Hoy les presento el capítulo II —sí, con números romanos y en plan titular, que queda mejor— de la saga ¿Para quién escribimos?
Hablábamos de la importancia de tener en cuenta al lector, ¡ah, el lector! Destinatario de nuestras letras y afanes, que puede ser un rostro, un nombre, un recuerdo, un público diáfano y concreto o un nebuloso concepto que juega al escondite tras la palabra… Lector…
Podemos dar un paso más allá de la reconciliación entre escribir con placer y a la vez para complacer. Se trata de ver al lector, no como un mero receptor de nuestro producto, sino como alguien que posee criterio, que tiene la mente abierta a las novedades y cuyos gustos y exigencias lectoras evolucionan. Y tener el valor de decir: creo tanto en lo que estoy ofreciendo, y creo tanto en la capacidad del que va a recibirlo, que ya no voy a escribir para gustar al lector; voy a intentar que al lector le guste lo que escribo. ¿Por qué? Porque estoy convencido de que vale la pena.
De esta manera, escapamos a la tentación: renunciamos a ganar audiencia con recursos fáciles y buscamos seducirla tentando su paladar y enseñándola a apreciar otros sabores diferentes.
Por supuesto, es fácil de decir y no tanto de llevar a la práctica. Para educar los gustos lectores y generar nuevas tendencias se requiere arte, tiempo, originalidad y un gran talento como escritor. Pero, ¿quién dijo que un escritor se hace en dos días? Un primer paso es comenzar y dilucidar dónde colocamos nuestras aspiraciones. Quisiera acabar con un texto de Umberto Eco, que multiplicó la afición por la novela histórica construida con rigor y densa en contenido filosófico. Cito de sus Apostillas a El nombre de la rosa (capítulo “Construir el lector”):
«Se escribe pensando en un lector. Así como el pintor pinta pensando en el que mira el cuadro. Da una pincelada y luego se aleja dos o tres pasos para estudiar el efecto… Cuando la obra está terminada, se establece un diálogo entre el texto y sus lectores (del que está excluido el autor)»

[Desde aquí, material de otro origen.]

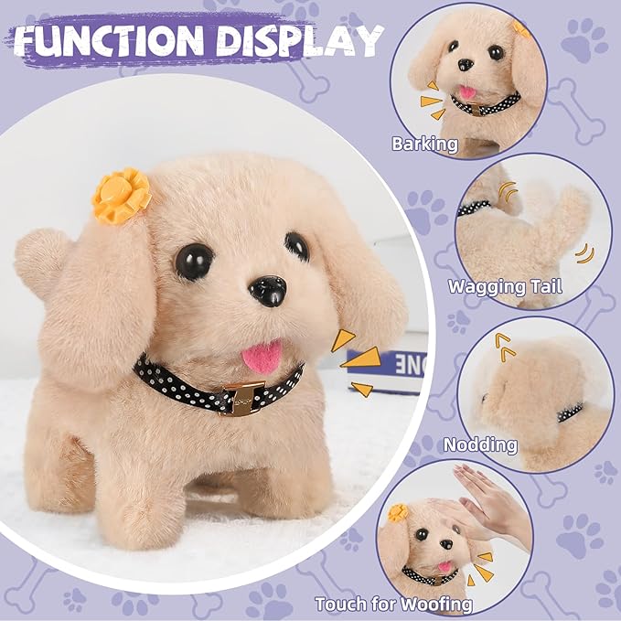 - Interactive Dogs that Walk and Bark: Just put in the battery and turn on the power, and the cute electric plush animal dog will walk, bark, wag its tail, and nod like a real dog. And when you pat it on the head, it will also make a cute and interesting sound. By taking care of puppies, children can experience various pet activities, such as feeding, bathing, combing and trimming fur, thereby learning life skills and even overcoming their fear of dogs in life. Great realistic robot puppy toys for kids girls boys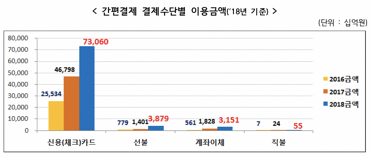 최근엔 네이버페이, 카카오페이 등의 간편 결제도 많이 사용되긴 한다. 하지만 간편 결제에 연동된 결제 수단이 결국 신용카드/체크카드라는 점을 잊어서는 안 된다. 18년 금감원 자료에 따르면 간편 결제 이용 금액 중 91%를 차지하는 것이 신용카드를 연동한 결제다.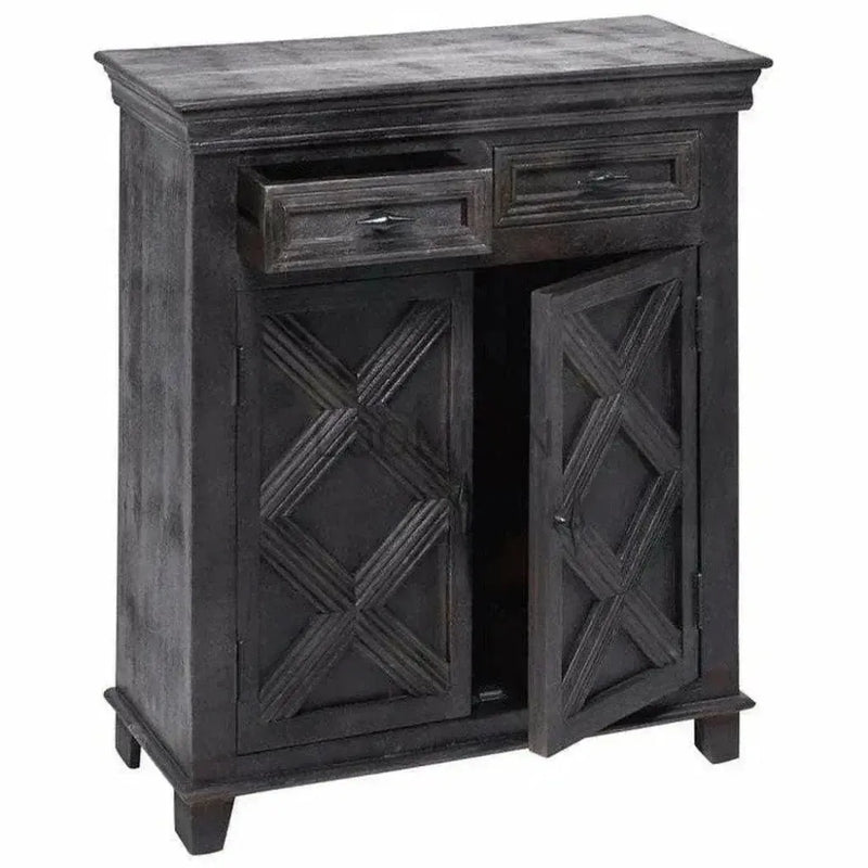 Elevate your living space with our 40" Black Rustic X Farmhouse Wood Cabinet With Drawers. Crafted from water-resistant mango timber and finished with a slightly distressed black lacquer, this sideboard features channeled "X" molding and powder-coated metal hardware. The spacious interior and two top drawers provide ample storage, while adding an elegant touch to any room. Suitable for entryways, hallways, bedrooms, or family rooms, this cabinet is both functional and a work of art with its stunning design. With its unique "X" molding and powder-coated hardware, this striking black sideboard is a dramatic accent piece that adds style and convenience to any space.

«…escribir es construir, a través del texto, el propio modelo de lector.»
«…el escritor escribe con la esperanza, ni siquiera demasiado secreta, de que precisamente su libro logre crear, y en gran número, muchos nuevos representantes de ese lector deseado y perseguido con tanta meticulosidad artesanal, ese lector que su texto postula e intenta suscitar.
La diferencia, en todo caso, está entre el texto que quiere producir un lector nuevo y el que trata de anticiparse a los deseos del lector que puede encontrarse por la calle. En el segundo caso, tenemos el libro escrito, construido según un formulario, adecuado para la producción en serie: el autor realiza una serie de análisis de mercado y se ajusta a las expectativas. Con la distancia puede verse quién trabaja mediante fórmulas: basta analizar las diferentes novelas que ha escrito para descubrir que, salvo los cambios de nombres, lugares y fisonomías, en todas se cuenta la misma historia: la que el público pedía.
En cambio, cuando el escritor planifica lo nuevo y proyecta un lector distinto, no quiere ser un analista de mercado que confecciona la lista de los pedidos formulados, sino un filósofo que intuye las tramas del Zeitgeist. Quiere revelarle a su público lo que debería querer, aunque no lo sepa. Quiere que, por su intermedio, el lector se descubra a sí mismo».